Petro destaca el poder de la mujer campesina en apertura de conferencia agraria global en Cartagena
Mujer campesina, eje de conferencia agraria global en Cartagena

La mujer campesina como eje central en la apertura de ICARRD+20 en Cartagena

En un escenario internacional que congregó a delegaciones de más de cien países, el presidente Gustavo Petro inauguró oficialmente la Segunda Conferencia Internacional sobre Reforma Agraria y Desarrollo Rural (ICARRD+20) con un mensaje contundente que colocó a la mujer campesina en el centro del debate global. "Estamos dejando como prioridad el poder político en los campos, el poder campesino que cada vez es más el poder de la campesina", afirmó el mandatario colombiano, estableciendo así el tono de un encuentro que analizará la tierra, el hambre y la crisis climática desde la experiencia histórica de las mujeres rurales.

Transformación real de las relaciones de poder

Durante su intervención en Cartagena, el presidente Petro insistió en que el cambio que vive Colombia no se mide únicamente en hectáreas redistribuidas, sino en una transformación profunda de las relaciones de poder en el campo. "Hay un cambio de poder en Colombia real en muchas partes, que no solamente es que los más humildes tengan más poder, sino que las mujeres tengan más poder en Colombia", declaró, conectando directamente la reforma agraria con los procesos de paz y justicia social que atraviesa el país.

El mandatario enfatizó que esta transformación representa un giro fundamental en la manera como se concibe el desarrollo rural, reconociendo el papel protagónico que históricamente han desempeñado las mujeres en la sostenibilidad del campo colombiano.

Ecos internacionales del mensaje presidencial

La fuerza del mensaje del presidente Petro encontró resonancia inmediata en las intervenciones de los representantes internacionales presentes en la conferencia.

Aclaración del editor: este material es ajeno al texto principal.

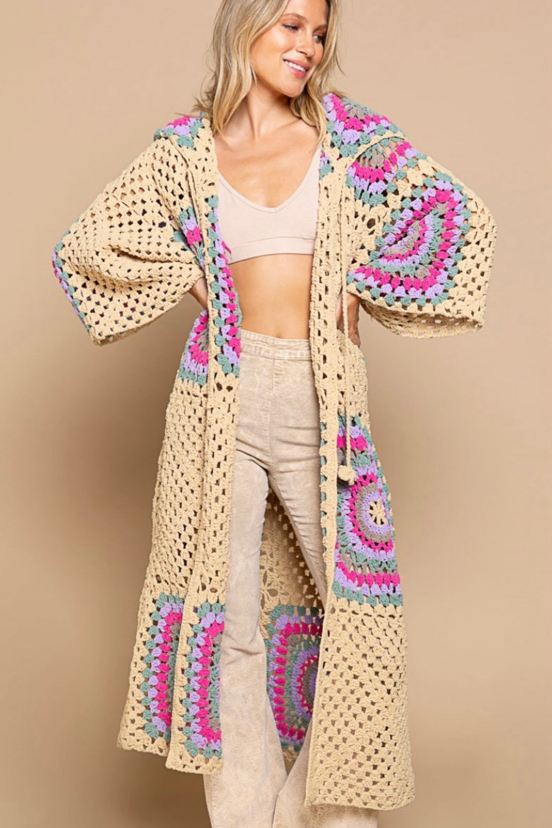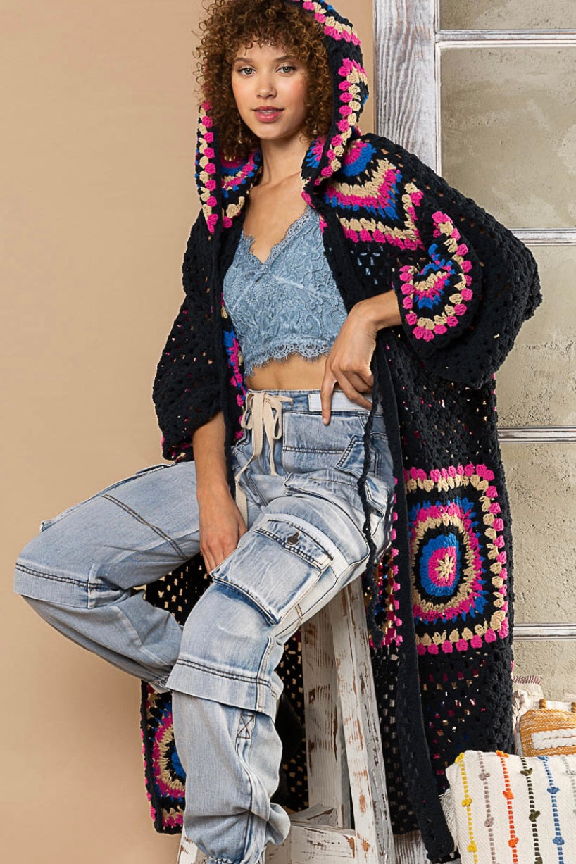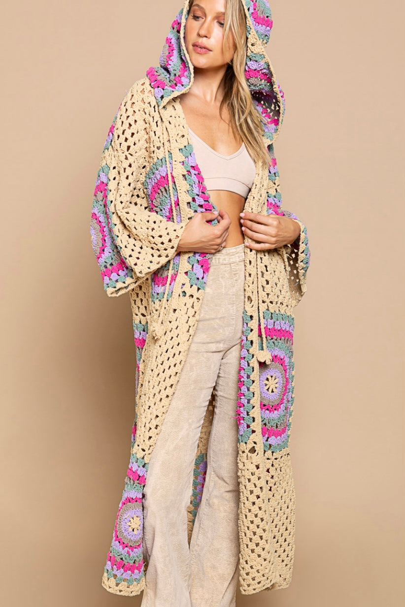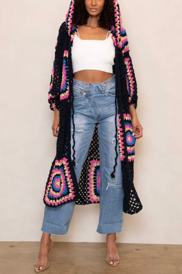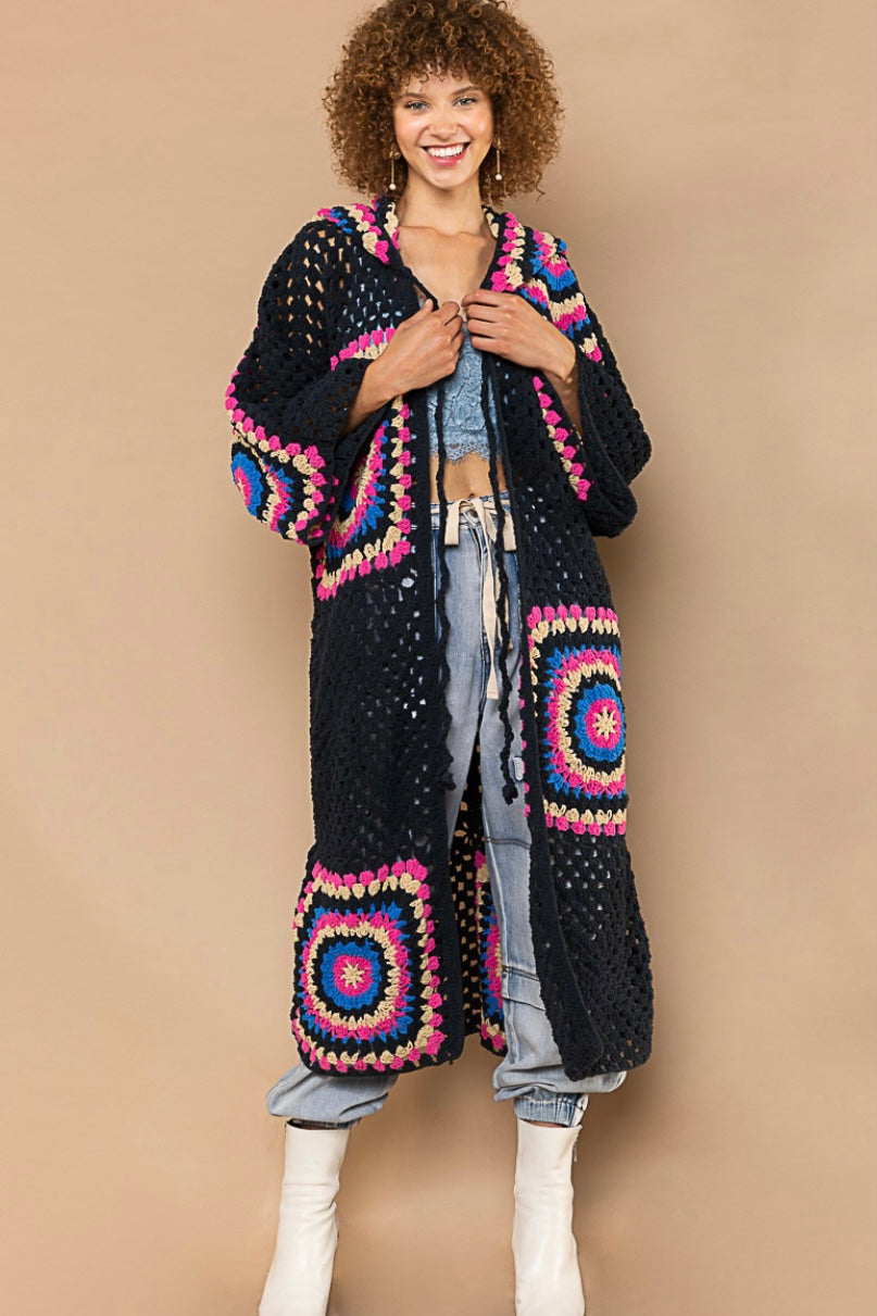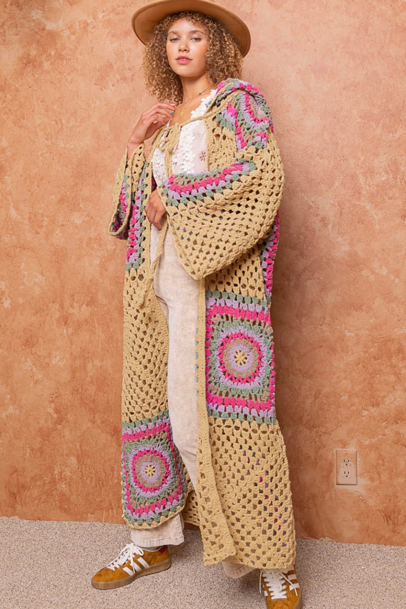 Boho Dreams Crochet Chenille Midi Cardigan

El ministro de Desarrollo Rural y Reforma Agraria de Sudáfrica, Mzwanele Nyhontso, sostuvo que la tenencia de la tierra debe asumirse como un compromiso político genuino y no como una simple orientación técnica.

Desde Brasil, el ministro de Desarrollo Agrario y Agricultura Familiar, Paulo Teixeira, fue enfático al señalar que no existe reforma agraria posible sin el protagonismo femenino. En su discurso, recordó que en muchos procesos de adjudicación de tierras en su país las mujeres son priorizadas precisamente por su papel central en la producción de alimentos y el cuidado del territorio.

Urgencia ética global según ministra colombiana

La ministra de Agricultura y Desarrollo Rural de Colombia, Martha Carvajalino, reforzó esta visión al señalar que la humanidad enfrenta una urgencia ética de doble dimensión: "la humanidad debe luchar contra el hambre mientras cuida su patrimonio natural". En esa tarea monumental, subrayó la ministra, las mujeres campesinas han demostrado ser clave para sostener la vida en medio del conflicto armado y el despojo territorial que han afectado a sus comunidades durante décadas.

Caravajalino destacó cómo las mujeres rurales han mantenido la producción agrícola y la conservación ambiental incluso en las condiciones más adversas, convirtiéndose en verdaderas guardianas de la biodiversidad y la seguridad alimentaria.

Agenda nutrida hasta el 28 de febrero

Este evento internacional, que reúne a más de 1.500 participantes hasta el próximo 28 de febrero, avanzará con una agenda especialmente nutrida que pondrá sobre la mesa temas cruciales para el desarrollo rural contemporáneo:

  • El acceso equitativo a la tierra y los recursos naturales
  • La lucha contra el hambre desde perspectivas de género
  • La crisis climática y su impacto diferenciado en mujeres rurales
  • Mecanismos de participación política femenina en el campo

En todos estos espacios de discusión, las voces femeninas dejarán de ser periféricas para instalarse definitivamente en el centro del debate global, con el objetivo de construir acuerdos que beneficien a todos los integrantes del sector rural sin distinción de género.

La conferencia ICARRD+20 representa así un hito histórico en el reconocimiento del papel transformador de las mujeres campesinas, no solo como productoras agrícolas sino como agentes políticos fundamentales para el futuro del desarrollo rural sostenible en Colombia y el mundo.